Probably enough to pay for a couple of Ford-class carriers, though there are those whose argue that these new, big carriers are akin to the battleships of early WWII - an expensive idea whose time has mostly passed. See Dr. Jerry Hendrix's Stop the Navy's carrier plan: The Navy's plan to modernize its largest ships would just make them obsolete. Here's how to fix it.. Jerry's solution? Build cheaper, smaller carriers and add boatloads (literally) of unmanned aircraft. If there's enough waste to cover a couple of Fords, there is certainly enough to cover several smaller carriers and, probably, all those drones. We touched on this in our recent Midrats show here about "naval presence." Dr. Hendrix suggests the need for a fleet of 350 ships - many of which could be paid for with savings on big carriers,  too, I assume.

But the waste? A great deal of it involves the way in which defense spending is authorized by Congress. Want to close a base that's no longer needed? You can be sure that a couple of members of Congress will be fighting you all the way as the impact of the loss of federal dollars in their state and district become clear. In short, Congress, not the Pentagon owns a big chunk of the waste problem.

Should we  declare some programs as too wasteful to allow to live - perhaps the F-35? Maybe the Littoral Combat Ship/Frigate? Call all the expenditure so far "sunk costs? Then answer the question of what will the U.S do for the future, when the current inventory of ships and aircraft grow too long in the tooth or too small to meet the national strategy? What if the F-35 ultimately meets the great expectations placed on it? What if the LCS/Frigate becomes a not-so-overnight success?

 Want to rein in the Pentagon slush fund - the Overseas Contingency Operations budget? Perhaps we could fold money into the "regular" budget to handle little things like small wars?

It is good to recall some earlier words of Secretary Carter from May 2015:
Slashed budgets and high worldwide demand for U.S. military forces have created an unbalanced defense program that is taking on increasingly greater risks, Defense Secretary Ash Carter told a Senate panel this morning.

The secretary testified before the Senate Appropriations Committee’s defense subcommittee on the Defense Department’s fiscal year 2016 budget request. Joining him was Army Gen. Martin E. Dempsey, the chairman of the Joint Chiefs of Staff.
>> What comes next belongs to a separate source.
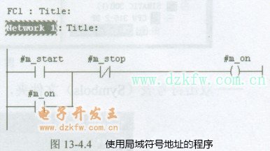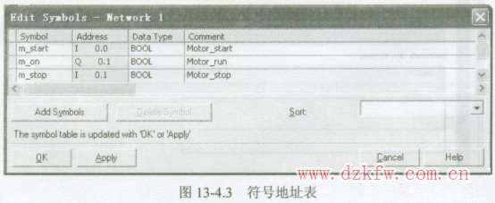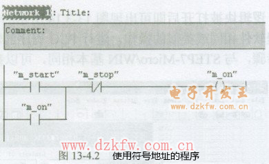 虽然使用绝对地址编程容易、方便,程序简单,但是在程序较复杂时,会带来程序理解、阅读方面的难度。因此,为了便于程序的理解,方便他人阅读程序,对于较复杂的程序,在PLC中一般可以采用利用文字编辑的“符号( Symbol)”来表示信号的地址,例如,在程序中直接使用“m—start”这一名称来代表电机启动信号的输入IO.O等,这样的地址称为“符号地址”(见图13-4.2)。
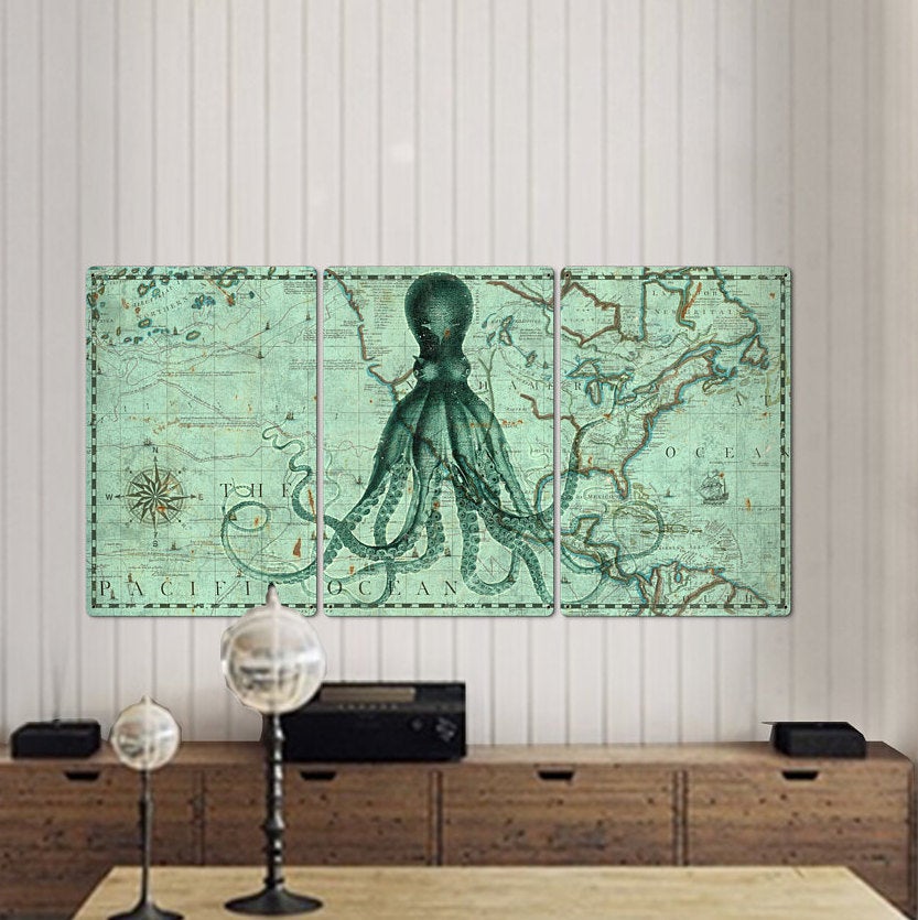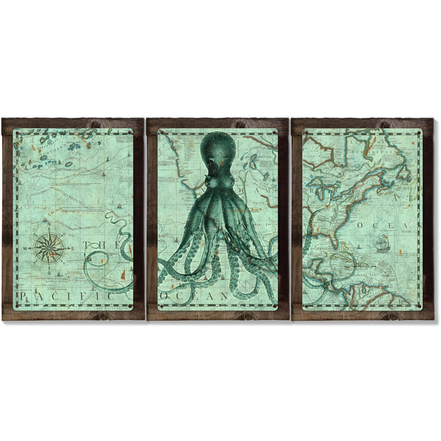 Octopus, Vintage Ship Route Map, Lord Bodner, Nautical, Ocean Life, Metal Triptych, Optional Rustic Wood Frame, Wall Art

“Over the past three fiscal years the Defense Department has taken more than three-quarters of a trillion dollars in cuts to its future-years defense spending,” Carter said.

The frequently sudden and unpredictable timing and nature of the cuts and continued uncertainty over sequestration have made the stresses greater, he added, forcing DoD to make a series of incremental, inefficient decisions.
***
We’ve been forced to prioritize force structure and readiness over modernization, taking on risks in capabilities and infrastructure that are far too great,” he added.

“High demands on smaller force structure mean the equipment and capabilities of too many components of the military are growing too old, too fast -- from our nuclear deterrent to our tactical forces,” Carter told the panel.
***
The secretary said that in recent weeks some in Congress have tried to give DoD its full fiscal year 2016 budget request by transferring funds from the base budget into DoD accounts for overseas contingency operations, or OCO –- funds that are meant to fund the incremental, temporary costs of overseas conflicts in Afghanistan, Iraq and elsewhere.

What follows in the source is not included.